Blue Water, White Death

JawsIt’s been 30 years since we first heard the iconic bass drift up from the deep. Filmink’s Drew Turney talks to original production designer Joe Alves about the hands-on production of the first blockbuster that almost never was.

We don’t often consider the movie that levelled Old Hollywood and changed everything an independent project. Even though it was bankrolled by Universal however, veteran production designer Joe Alves remembers a distinctly hands-on production.

‘I did a little bit of everything,’ he says. ‘I did early sketches from the book before we had the script, researched the shark with marine biologists and did the initial clay model. We had no real art department so I found the engineer and draftsmen to work on the details and a sculptor to do a full-sized model. I even went off and scouted locations by myself. It was a pretty small operation and Steven wasn’t even sure if he was going to do the movie at first.’

Jaws not only heralded a new way of marketing movies, but it foresaw the modern standards of outsourcing almost every aspect of production except pointing a camera at actors. Back in the mid 70s, studios were the production houses from start to finish, and Universal had no room for a silly movie about a killer shark.

‘Everything was in house, from the effects to the art department,’ Alves says, ‘but the studio said they couldn’t do it at the time, they were working on The Hindenberg and Earthquake. So the head of production said to me ‘if you think you can do it, take it off the lot and find people who can do it’.’

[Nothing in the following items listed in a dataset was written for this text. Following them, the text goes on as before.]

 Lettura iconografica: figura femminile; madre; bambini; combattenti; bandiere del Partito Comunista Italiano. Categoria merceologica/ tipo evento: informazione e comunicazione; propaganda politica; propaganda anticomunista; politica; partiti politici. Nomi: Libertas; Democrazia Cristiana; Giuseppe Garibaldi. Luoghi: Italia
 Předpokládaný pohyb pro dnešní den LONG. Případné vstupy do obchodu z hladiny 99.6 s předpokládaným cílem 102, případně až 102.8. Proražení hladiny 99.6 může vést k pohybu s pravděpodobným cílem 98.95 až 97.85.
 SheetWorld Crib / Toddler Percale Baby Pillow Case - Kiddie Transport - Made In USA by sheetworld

But in perhaps the most ironic twist after Jaws changed the moviemaking process so completely, it wouldn’t even be made the same way itself nowadays. Adds Alves — possibly a little sadly; ‘A producer asked me what you’d need to make Jaws today. We’d probably only need a boat and some water because they’d computerise the whole thing. Even the shark eating Quint would probably be done in CGI — including Quint’s body.’

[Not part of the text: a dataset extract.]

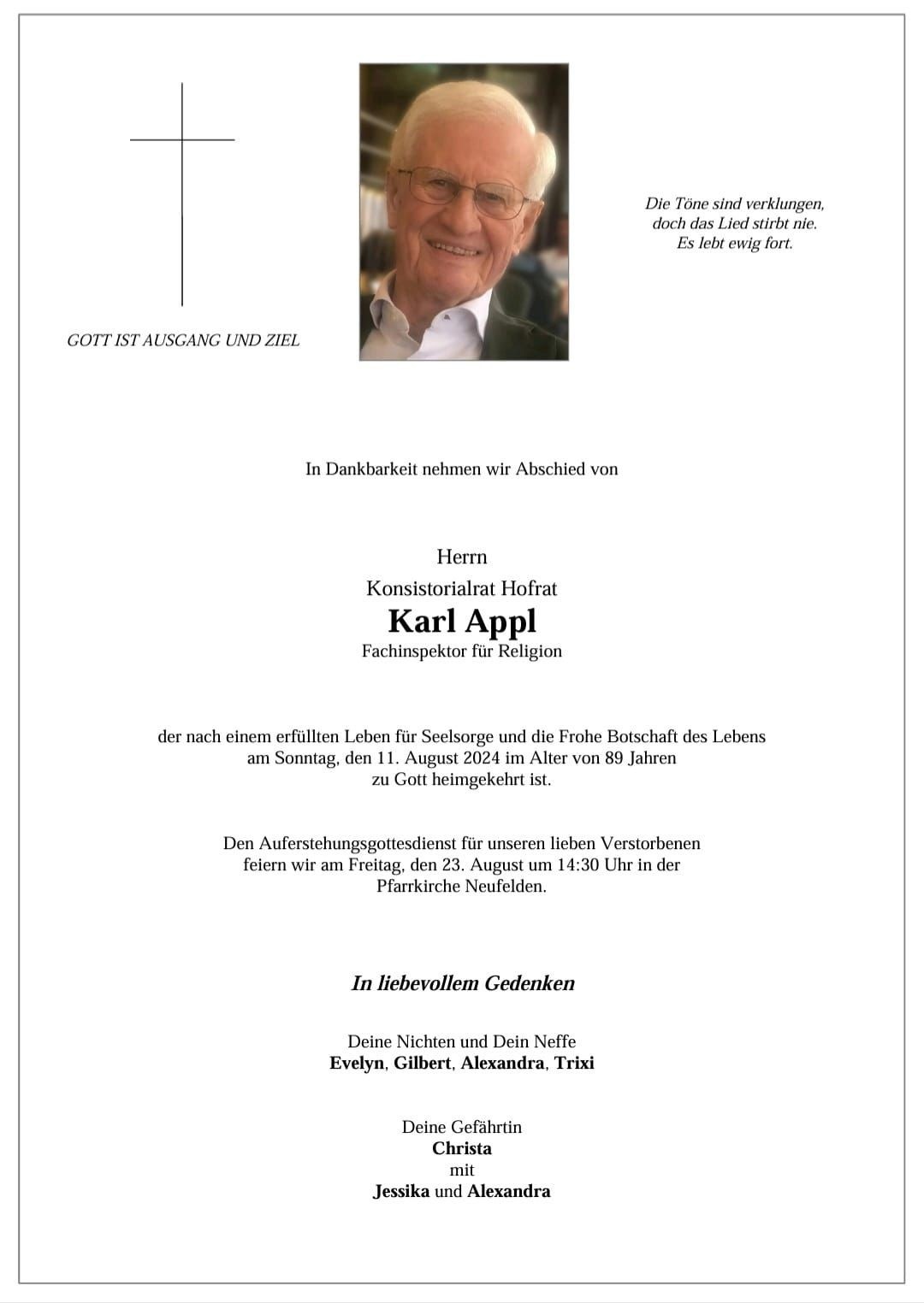 Hofrat Konsistorialrat Karl Appl (*1935 / + 11.08. 2024 Vöcklabruck), Download Parte Karl Appl

So while the Wright brothers building their flying machine or college dropout Shawn Fanning (with his little file sharing protocol called Naptser) probably liked to think they’d be changing the world, did the cast and crew think they were onto something as big?

‘A few of us had a tremendous feeling about it,’ Alves says, ‘but there was a lot of negativity as well, from the studio and even some of the actors. Richard Dreyfuss thought it would be a disaster, for instance.

‘But what we were most afraid of was that the audience would just laugh. When you’re on set it wasn’t scary at all — it sounded like a bunch of pneumatic rams and cylinders. Even the crew were laughing at it, so it wasn’t until it was mastered and edited that we realised — the audience went crazy.’